Score = Sum(benchmark_score × weight) ÷ Sum(weights)

Only benchmarks with available data for a given model count — missing benchmarks are excluded from both numerator and denominator so models with fewer data points aren't unfairly penalized.

The weight formula

NerfWatch contributes via two separate signals — direct user votes and aggregated social sentiment from Reddit and Hacker News. Each NerfWatch signal and each outside benchmark is weighted equally. Combined, the two NerfWatch signals give community perception twice the influence of any single benchmark source while still grounding scores in real benchmark data.
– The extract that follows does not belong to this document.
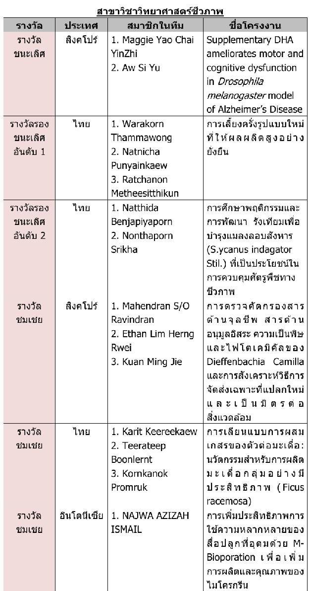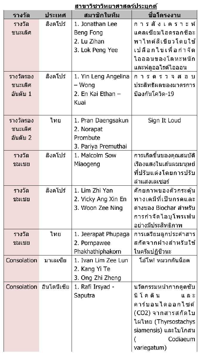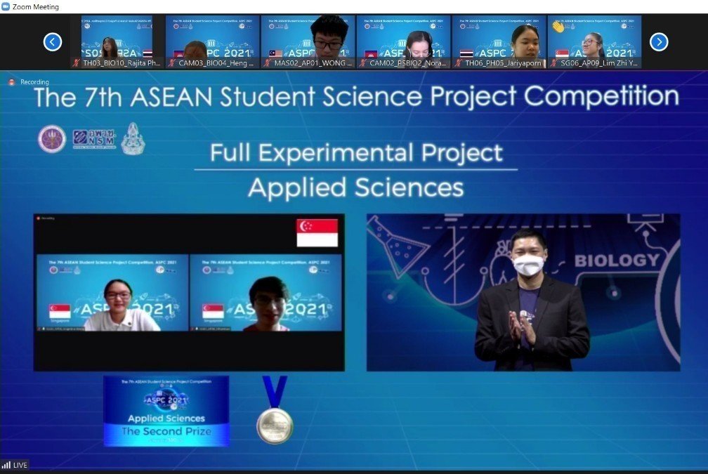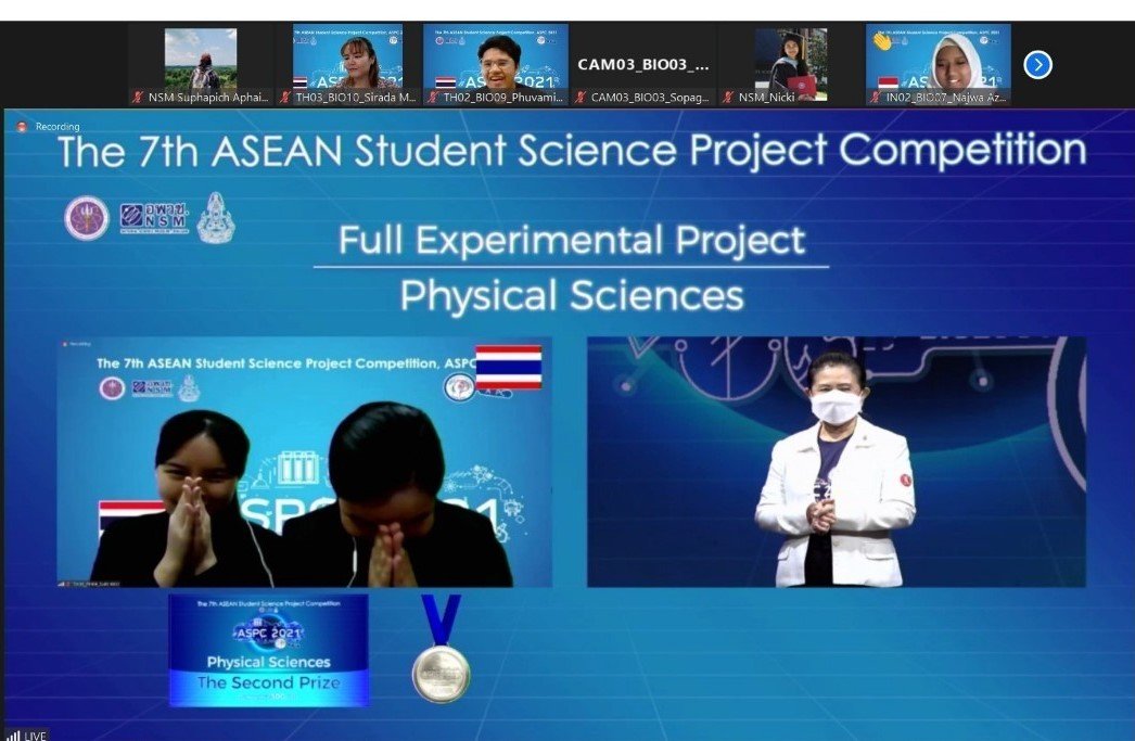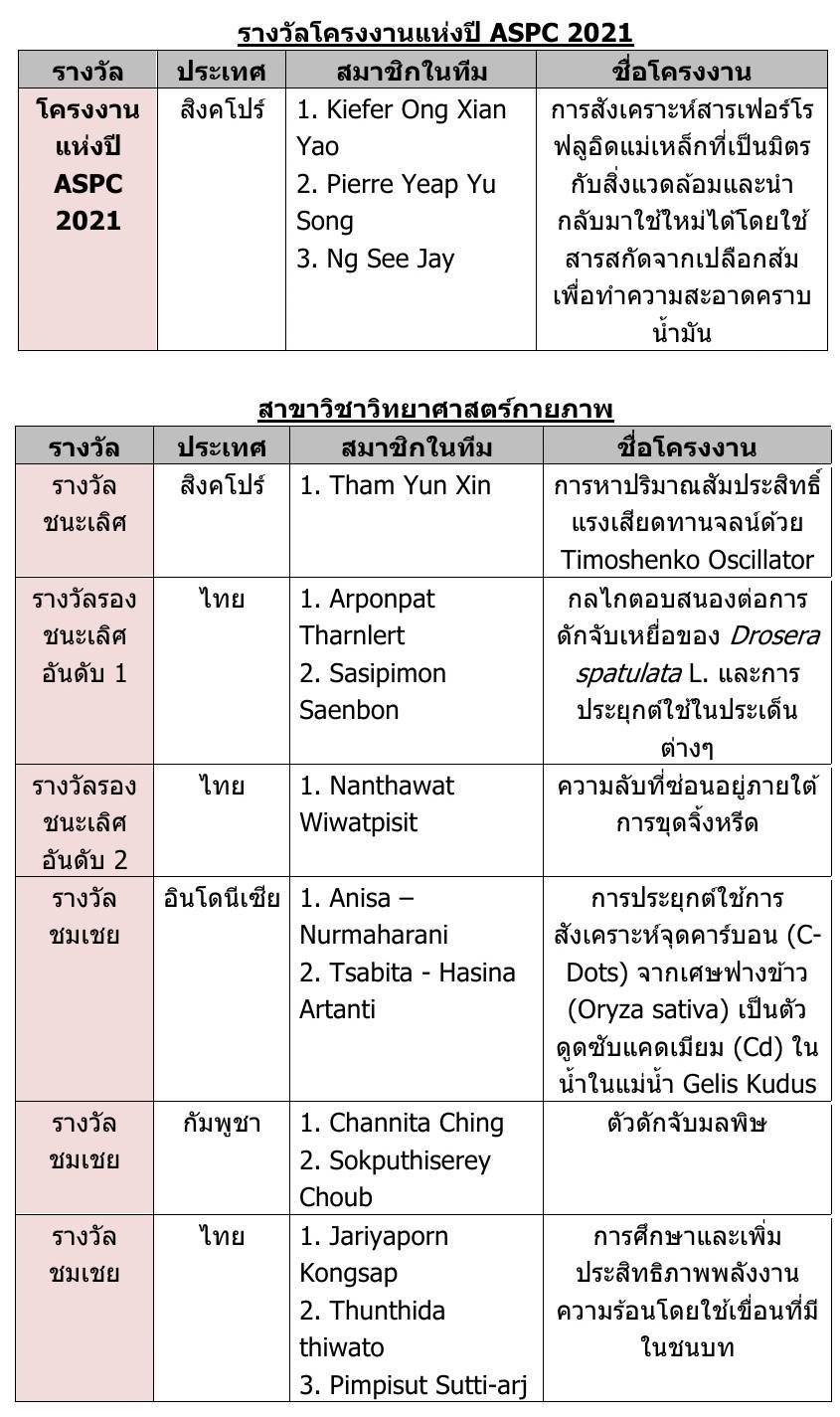 สำหรับผลรางวัล “การแข่งขันโครงงานวิทยาศาสตร์เยาวชนกลุ่มประเทศอาเซียน” The 7th ASEAN Student Science Project Competition (ASPC 2021) มีดังนี้

Every item gets weight = 1
Each item % = 1 ÷ N × 100  •  Combined NerfWatch % = 2 ÷ N × 100

N is the total number of items in a task (outside benchmarks + 2 NerfWatch signals). Adding a new benchmark automatically dilutes all existing weights — the formula stays balanced without manual tuning.

Weights by task

Coding

NerfWatch combined = 28.6%

  • NerfWatch User Votes14.3%
  • NerfWatch Social Signals14.3%
  • SWE-Bench Verified14.3%
  • LiveCodeBench14.3%
  • AA Coding Index14.3%
  • SciCode14.3%
  • Terminal-Bench Hard14.3%

Math

NerfWatch combined = 40.0%

  • NerfWatch User Votes20.0%
  • NerfWatch Social Signals20.0%
  • AIME 202520.0%
  • MATH-50020.0%
  • GSM8K20.0%

General Knowledge

NerfWatch combined = 22.2%

  • NerfWatch User Votes11.1%
  • NerfWatch Social Signals11.1%
  • GPQA Diamond11.1%
  • MMLU-Pro11.1%
  • Humanity's Last Exam11.1%
  • AA Intelligence Index11.1%
  • AA Agentic Index11.1%
  • ARC-AGI 211.1%
  • SimpleBench11.1%

Conversation

NerfWatch combined = 40.0%

  • NerfWatch User Votes20.0%
  • NerfWatch Social Signals20.0%
  • Chatbot Arena20.0%
  • AlpacaEval 2.020.0%
  • MT-Bench20.0%

The two NerfWatch signals

Each NerfWatch signal contributes independently to a model's composite score, at the same weight as any single outside benchmark. They are not blended into one number — User Votes and Social Signals each get their own column in the breakdown.

User Votes

Task-scoped direct votes — voting nerfed on Gemini 3 in the math tab only affects gemini-3 + math, not coding/general/conversation. Each vote is scored: Sharp = 100, Normal = 50, Nerfed = 0.

Social Signals

Mentions from Reddit (11 subreddits) analyzed for sentiment via word-boundary keyword matching, aggregated per model family. Positive = 100, neutral = 50, negative = 0. Rolling 30-day window. Counts are shown alongside scores.

Benchmark sources

All benchmark scores are pulled from official leaderboards and research papers. Scores are refreshed daily via automated scrapers and linked directly to their sources for transparency.

Score normalization

Some benchmarks have different scales or saturated top-end performance. We normalize to make them comparable:

Standard benchmarks

Most benchmarks use raw percentage scores directly. A score of 85% means the model solved 85% of problems.

Frontier benchmarks

For benchmarks where SOTA is far below 100% — Humanity's Last Exam (top: 46%) and ARC-AGI 2 (top: 69%) — we scale relative to top performance (score ÷ top × 95) so they don't drag down composites.

Arena ELO ratings

Chatbot Arena Elo ratings are linearly mapped from the observed range: 1000 → 0, 1600 → 100. This puts flagship models in the 70–95 band instead of all clamping at 100.

Transparency

Every score on NerfWatch links to its source. Click any benchmark value to see where the data came from. We believe in verifiable metrics over black-box ratings.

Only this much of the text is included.